In March 1881, the People's Will realised its immediate objective - the assassination of Tsar Alexander II. In the aftermath, the police decimated the organisation's ranks, arresting, executing and exiling most of its members. The few principals who managed to elude capture fled abroad.
Degaev, who had the good fortune to remain at liberty, gradually rose to a position of leadership in what was left of the organisation.
But in December 1882 he too was arrested as he was setting up an illegal printing press in Odessa. In prison, Degaev concluded that the cause of political terrorism was doomed and that radical change would be better served by collaboration with reform-minded members of the tsarist establishment.
One such figure was Lieutenant Colonel Georgii Sudeikin, who at the time of Degaev's arrest, aged 32, had been placed in charge of internal security for the empire. He was, in fact, the man responsible for breaking up the People's Will and ensuring the safety of the new tsar, Alexander III.
Sudeikin accomplished this by penetrating the terrorist organisation with spies. Many of his operatives were revolutionaries whom he had convinced that he shared common ideals that would come about only if they abandoned violence.

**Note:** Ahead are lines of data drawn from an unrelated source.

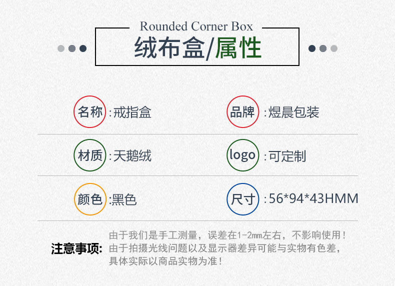 Specifications and models: Black; ring box: 56*94 * 43hmm
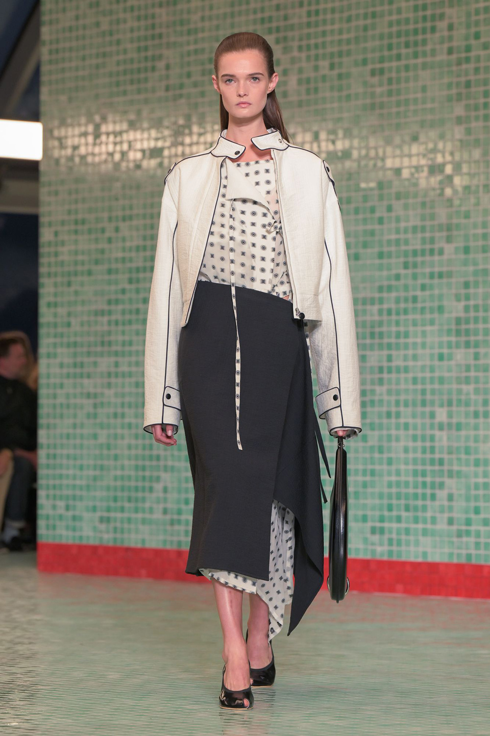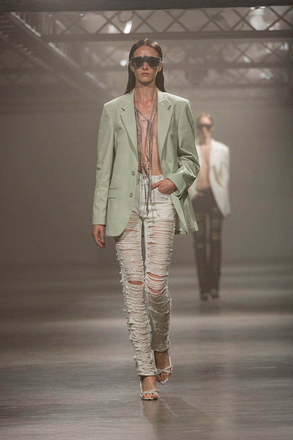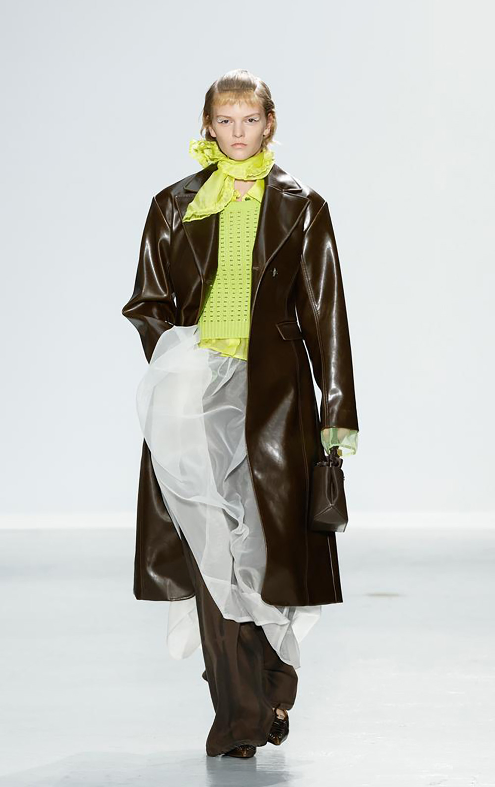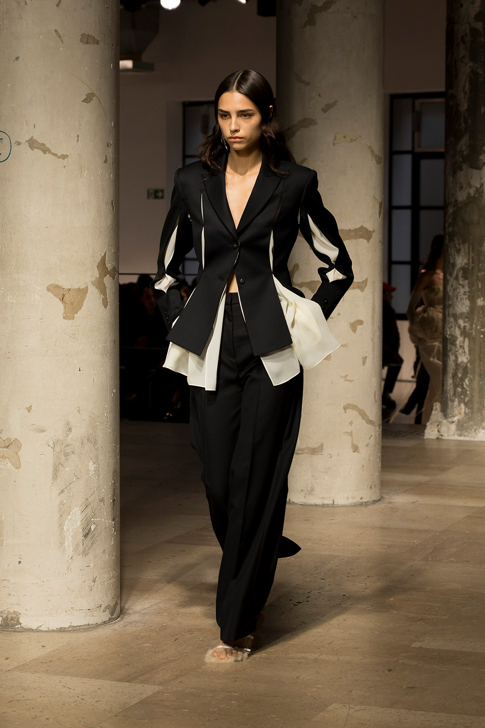フェミニンな傾向が強まる一方、継続トレンドのかっちりとしたテーラリングやオーバサイズのトレンチコートなどハンサムなスタイルを軸にした逞しい女性像の表現も目を引いた。ポイントはコントラスト。シアー素材やランジェリーライクなアイテム、肌見せ、アクセサリーでフェミニンな要素を加えた着こなしが中心になる。ジャケットは、「ケイト(KHAITE)」や「ボッテガ・ヴェネタ(BOTTEGA VENETA)」のようなパワーショルダーや幅広のラペルが特徴のボックスシルエットだけでなく、より細身のラインやウエストをシェイプしたデザインなどバリエーション豊富に。
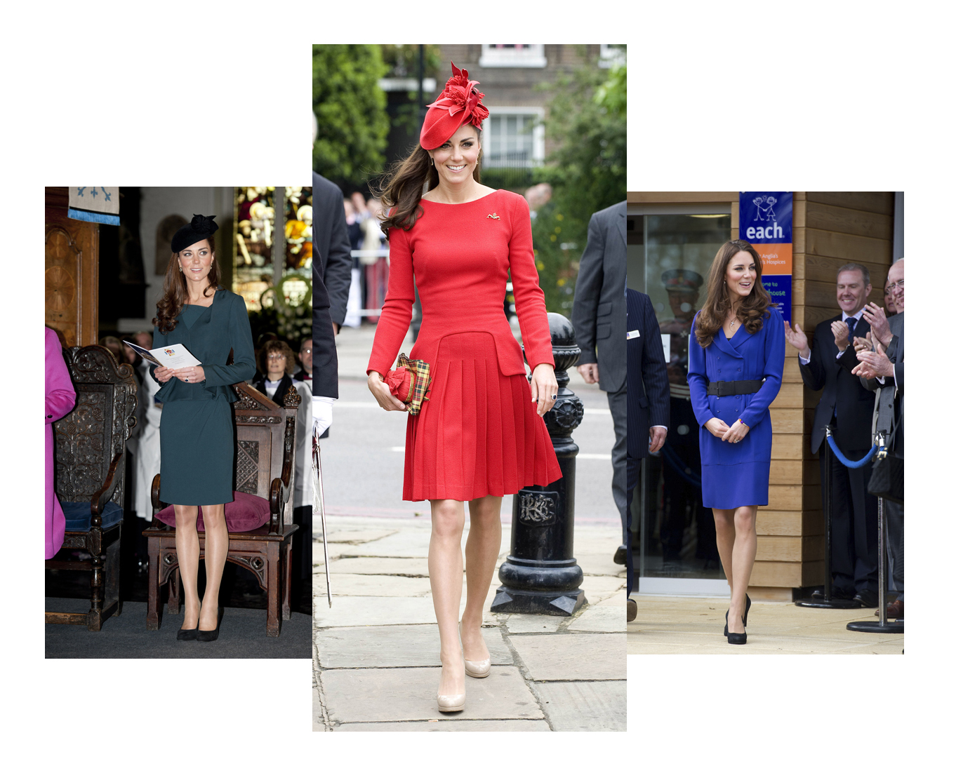 Verde, rosso e blu elettrico: Kate Middleton non si risparmia negli abiti tinta unita dai colori accesi e li accompagna con decolté basiche.
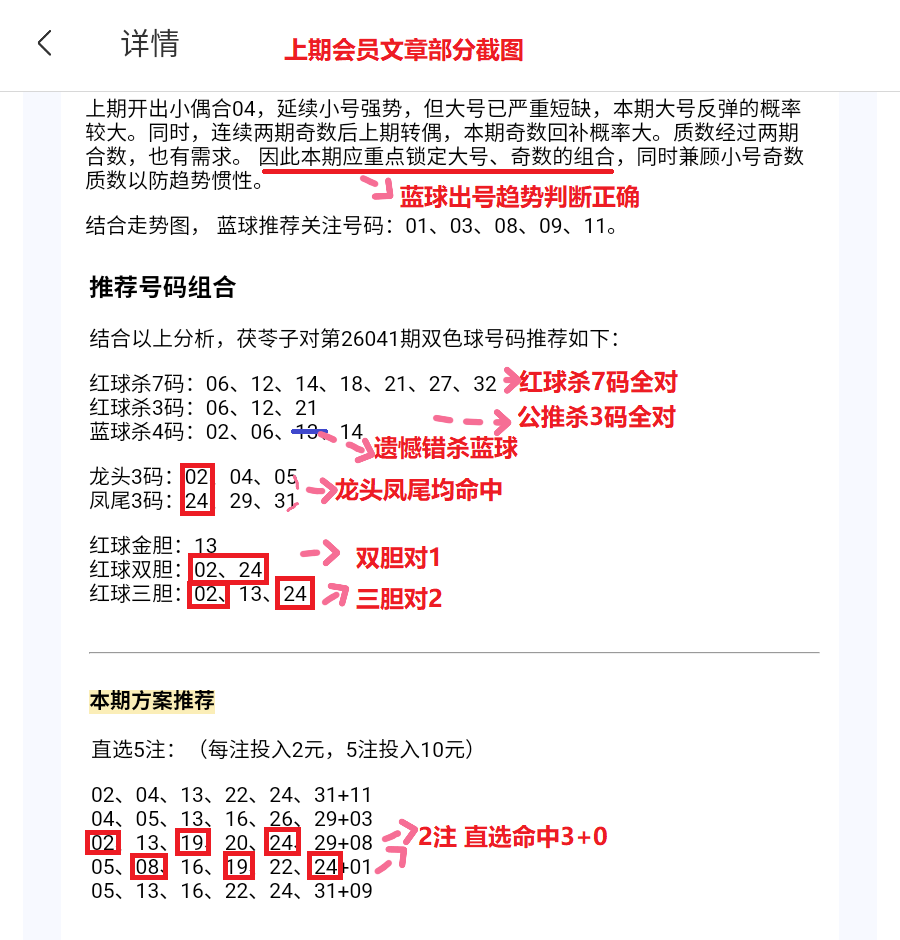 会员文章中龙头凤尾均命中,双胆对1,三胆对2,直选2注命中3码。
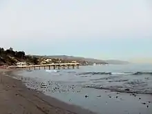 Beaches on the Malibu coast include Big Rock Beach, Broad Beach, County Line Beach, Dan Blocker Beach, La Costa Beach,[56] Las Flores Beach,[57] Malibu Beach, Point Dume Beach, Surfrider Beach, Topanga Beach, and Zuma Beach. State parks and beaches on the Malibu coast include Leo Carrillo State Beach and Park,[58] Malibu Creek State Park, Point Mugu State Park,[59] and Robert H. Meyer Memorial State Beach,[60] along with individual beaches such as El Matador Beach, El Pescador Beach, La Piedra Beach, Carbon Beach, Surfrider Beach, Westward Beach, and Escondido Beach.[61] Paradise Cove, Pirates Cove, Trancas, and Encinal Bluffs are along the coast in Malibu. Point Dume forms the northern end of the Santa Monica Bay, and Point Dume Headlands Park affords a vista stretching to the Palos Verdes Peninsula and Santa Catalina Island.
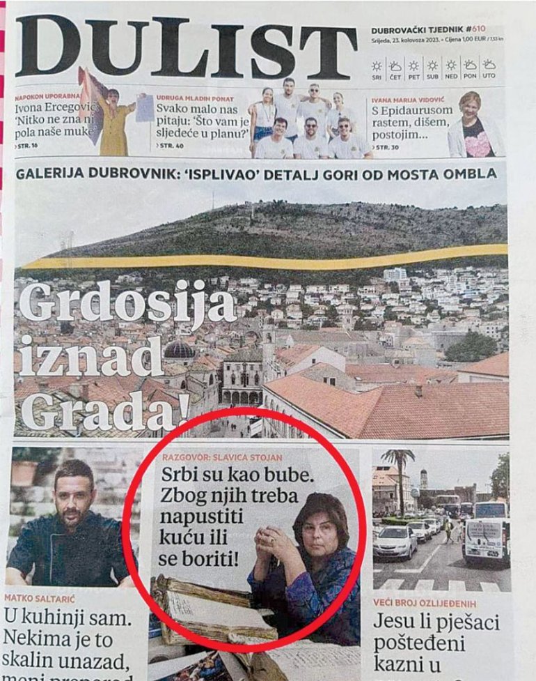 Иначе, непримерена изјава хрватске књижевнице, није прва која долази из суседства и то са највиших научних адреса. Увредљиве поруке стижу годинама, па смо тако чули и неумесну изјаву потпредседника Матице хрватске Мариа Јареба који је рекао: Срби се отимају за дубровачку књижевност као један од највећих досега хрватске културе, јер у то доба Срби су имали само гусле, ракију и прасетину, немају ништа слично што би их сврстало међу друге европске народе.
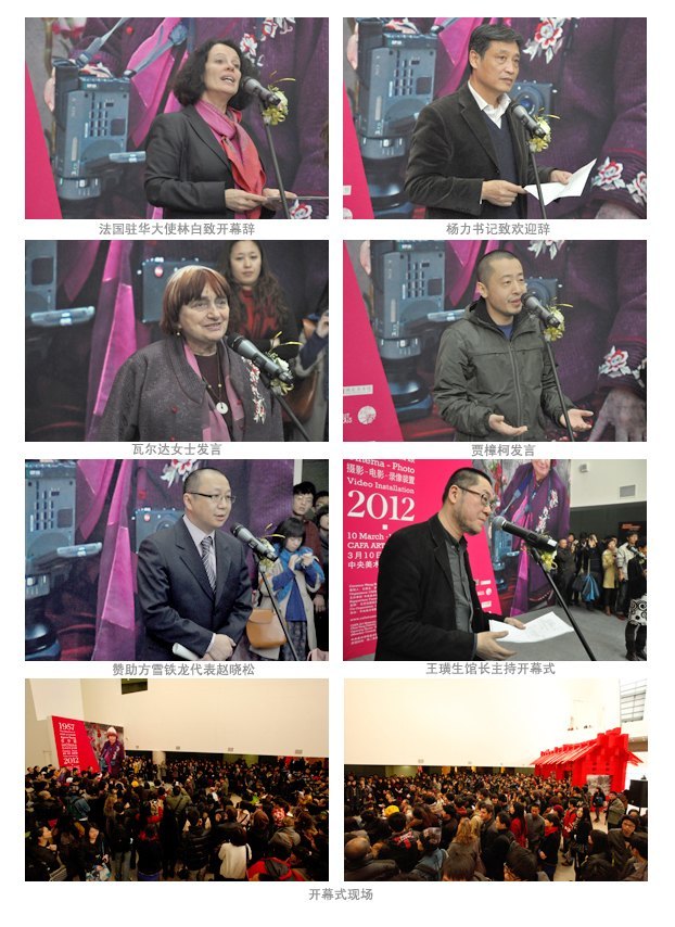 开幕式由美术馆馆长王璜生主持,法国驻华使馆大使白林女士、中央美术学院党委书记杨力先生、赞助方雪铁龙代表赵晓松先生以及此次展览的活动大使,中央美术学院特聘客座教授导演贾樟柯先生先后致辞,各自表达了对于阿涅斯?瓦尔达女士卓越的艺术成就以及她精彩非凡的艺术人生的赞美,并对展览的成功举办表示由衷祝贺。
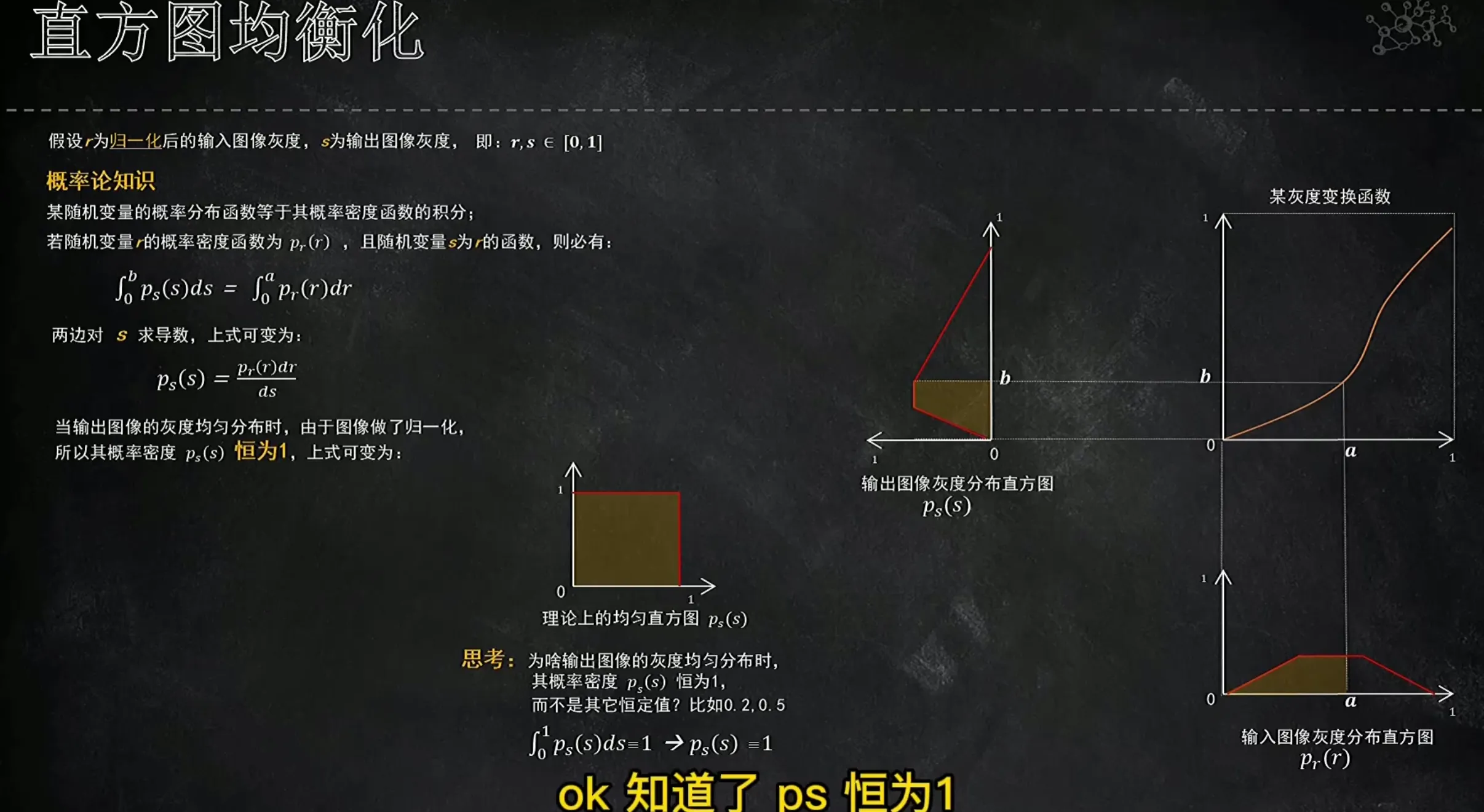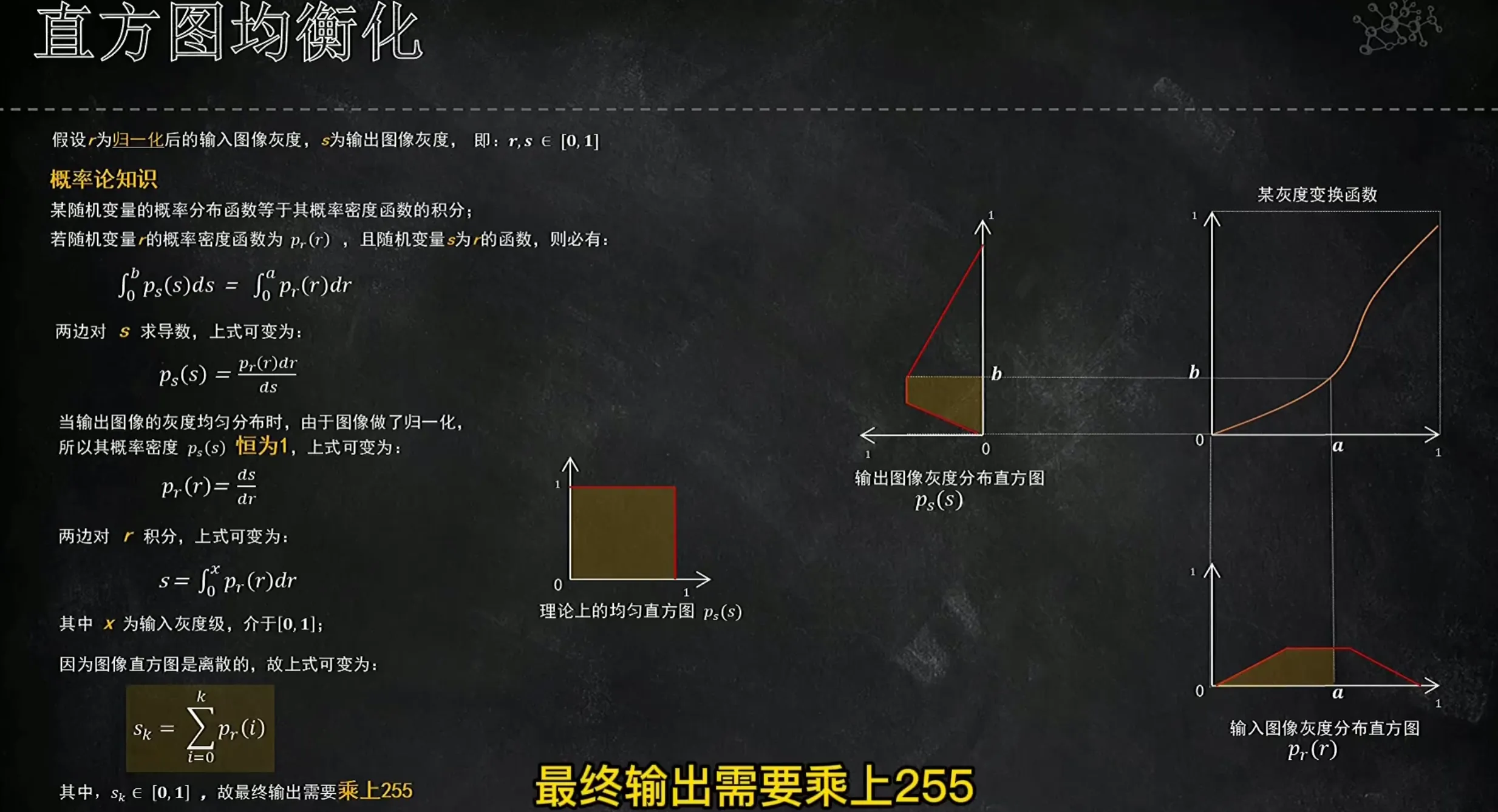 out_img[(in_img == i)] = SUMk * 255 # 灰度值归一化 ,灰度值映射(SUMK * 255):将累积概率(0~1)缩放至 0~255 的灰度范围,得到新的灰度值。“原始图像中所有灰度为 i 的像素,在输出图像中统一更新为新映射值”
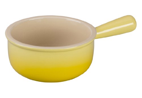 Studio : Le Creuset of America Publisher : Le Creuset of America Binding : Kitchen Product Description Sleek and stylish, this French-onion soup bowl by Le Creuset brings both beauty and versatility to any kitchen collection. The charming 16-ounce bowl, which measures approximately 6-2/5 by 4-1/5 by 2-1/2 Inch, provides a cylindrical shape with a flat base and tall sides--perfect for keeping soup hot at the table. Use it for a variety of favorite soup recipes, including the classic French Onion--complete with caramelized onions, flavorful broth and a hearty slice of French bread. 0
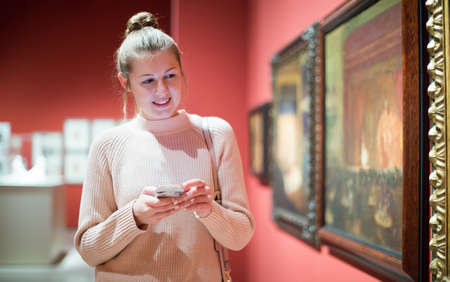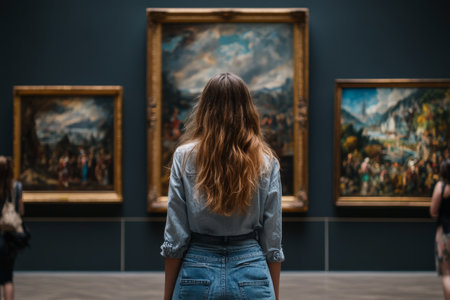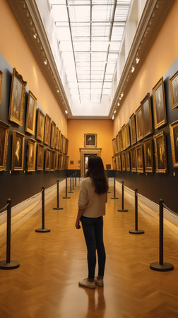 Tourist enjoying masterpieces from the renaissance period in a museum, appreciating culture and history

In reality, he was an unprincipled careerist without any loyalty, even to the authorities he served. Sudeikin was frustrated, however, by the refusal of the authorities to promote him to general. He needed this rank to qualify for a personal audience with the tsar, which he was convinced would result in his becoming a close imperial advisor.
Degaev had had casual contact with Sudeikin before his arrest. He now wrote him a letter from prison suggesting they meet. Sudeikin hurried to Odessa and learnt that Degaev was prepared to collaborate. Degaev promptly revealed the names of all the terrorists and sympathisers of whom he had knowledge. Sudeikin arranged for Degaev's escape, and then entered into a partnership with him that must have been unique in revolutionary annals.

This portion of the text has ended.